Emma Raducanu of Great Britain celebrates after beating Leylah Fernandez of Canada in the US Open final in New York. Picture: ROBERT DEUTSCH/USA TODAY SPORTS
Emma Raducanu of Great Britain celebrates after beating Leylah Fernandez of Canada in the US Open final in New York. Picture: ROBERT DEUTSCH/USA TODAY SPORTS

1. An immigrant embraced

Emma Raducanu, the British 18-year-old who has changed the landscape of world tennis, has a Chinese mother and a Romanian father. Even before she won the US Open title at the weekend, London’s Daily Express devoted the top half of its front page to her.
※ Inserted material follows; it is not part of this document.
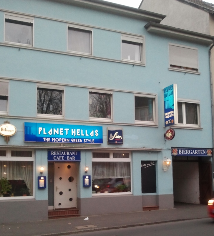 Il a beau s’appeler « planet Hellas – the greek modern style » le restaurant grec de mon quartier avec ses caoutchoucs poussiéreux en vitrine ressemble beaucoup à une gargote allemande des années 50-60. Il ne paye pas de mine, mais il est là depuis toujours. Normal en quelque sorte.

The bottom half carried a report headlined: "Immigrants sent back." It was about migrants trying to enter Britain from France on small boats being intercepted and returned their points of departure.

2. A land of letters

In the lawless Nigerian state of Zamfara, authorities have tried almost everything to curb the violence, from no-fly zones to banning the movement and sale of animals.

The latest attempt was to shut down the state’s 240 cellphone towers. This forced the people of Zamfara to write letters instead, except there is no functioning postal system. Commercial buses still run, and are now delivering those letters. Perhaps in SA, the Post Office could try the same.

3. Cool cricket

Cricket, with its long summer days, has always been associated with drinking beer. Now English cricket fans, no longer satisfied with only two colours of "fizzy piss", have a wider choice. A cricket reporter from The Guardian found that the Test match grounds now carry a wide range of drinks, from craft beers to specialist gins. They even have wine bars and cocktail kiosks serving something called a Lazy Negroni (not available at Headingley). One venue sold Veuve Clicquot at £85 a bottle (not including the £5 carafe charge).